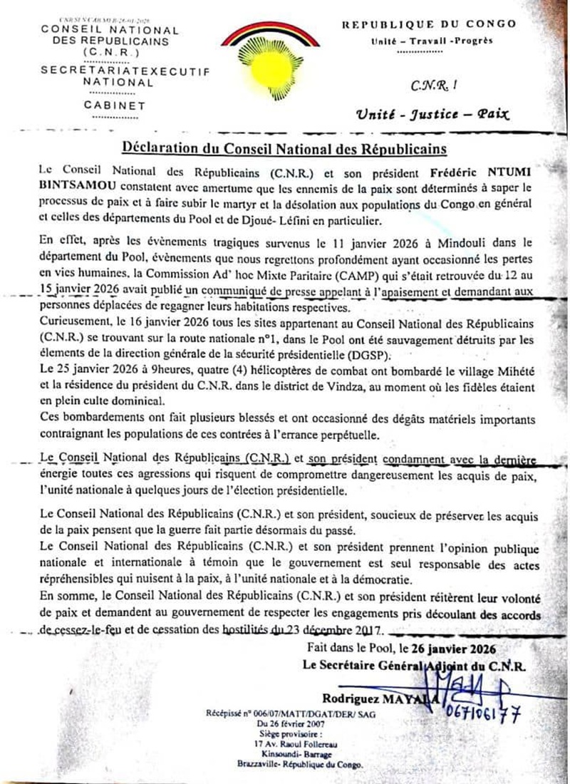 Qu’il soit donc entendu que lorsque le Conseil national des Républicains (CNR) monte au créneau pour dénoncer ce qu’il qualifie de graves atteintes au processus de paix en République du Congo, affirmant que les « ennemis de la paix » seraient déterminés à saboter les acquis obtenus au prix de lourds sacrifices humains, en particulier dans le département du Pool et la zone de Djoué-Léfini, il oubli, ainsi qu’on le dit en lari, « ndoki gâ mâlu mau yé » (le sorcier est en leur sein).
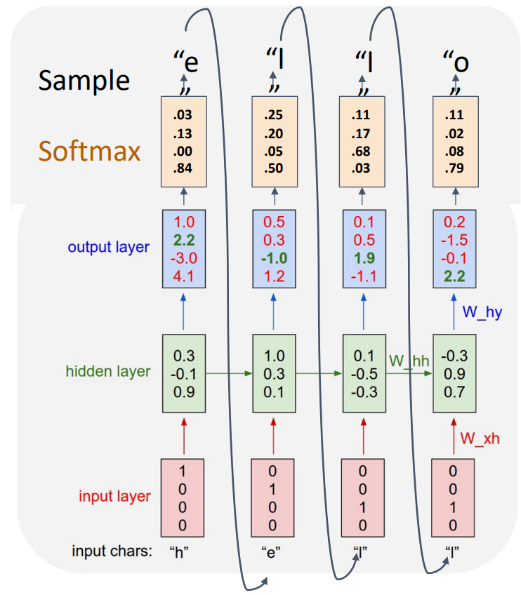 아래와 같이 Model이 표현할 수 있는 Vocabulary가 존재하며, 이를 기반으로 Input Chars는 One-hot Vector로 표현되된다. 이후 각각의 Input에 대하여 Hidden State가 계산되고, 본 Task는 다음 단어를 예측하는 것이기 때문에 Output에 대하여 Softmax를 거쳐 다음 단어를 예측할 수 있다. 이때의 Loss는 Cross-entropy Loss이다.
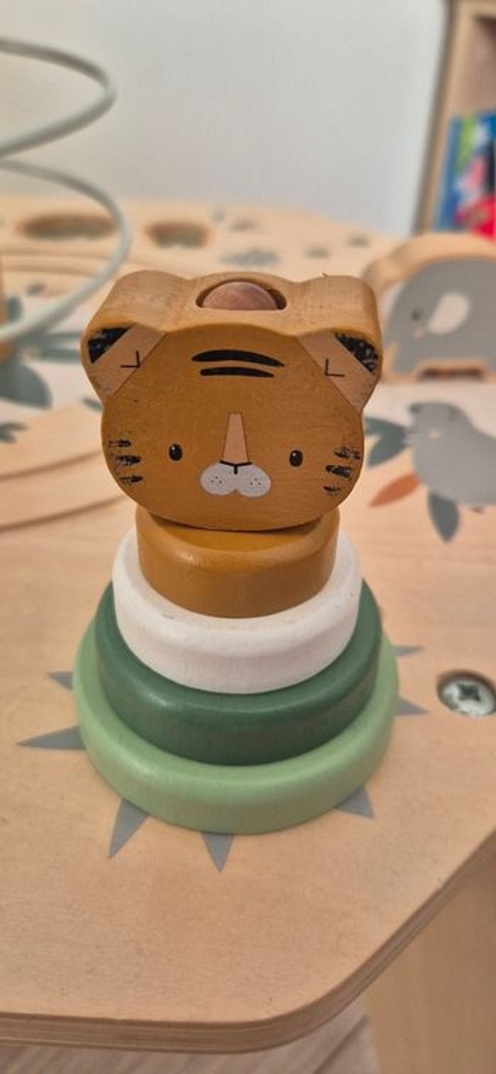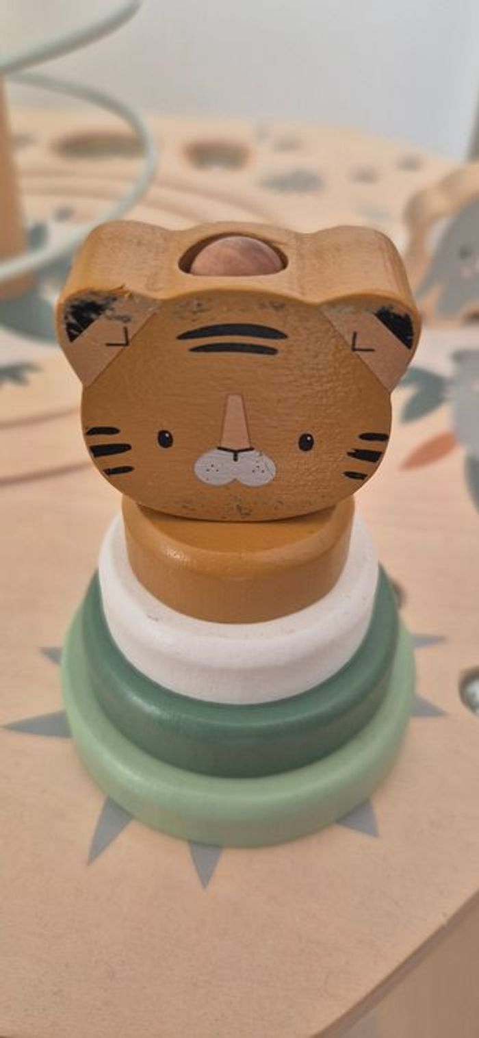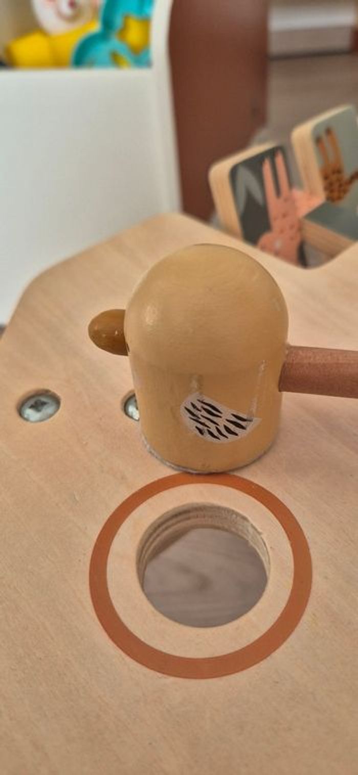 Table multi-activités vertbaudet Hanoï en bois, complet quelques traces d'usures sur la structure et sur les éléments.

────────────────────

- _What needs to be done_:
From the first line to the last, write out the data exactly, dropping any pictures.

- _Exercise result_:
 Qu’il soit donc entendu que lorsque le Conseil national des Républicains (CNR) monte au créneau pour dénoncer ce qu’il qualifie de graves atteintes au processus de paix en République du Congo, affirmant que les « ennemis de la paix » seraient déterminés à saboter les acquis obtenus au prix de lourds sacrifices humains, en particulier dans le département du Pool et la zone de Djoué-Léfini, il oubli, ainsi qu’on le dit en lari, « ndoki gâ mâlu mau yé » (le sorcier est en leur sein).
 아래와 같이 Model이 표현할 수 있는 Vocabulary가 존재하며, 이를 기반으로 Input Chars는 One-hot Vector로 표현되된다. 이후 각각의 Input에 대하여 Hidden State가 계산되고, 본 Task는 다음 단어를 예측하는 것이기 때문에 Output에 대하여 Softmax를 거쳐 다음 단어를 예측할 수 있다. 이때의 Loss는 Cross-entropy Loss이다.
 Table multi-activités vertbaudet Hanoï en bois, complet quelques traces d'usures sur la structure et sur les éléments.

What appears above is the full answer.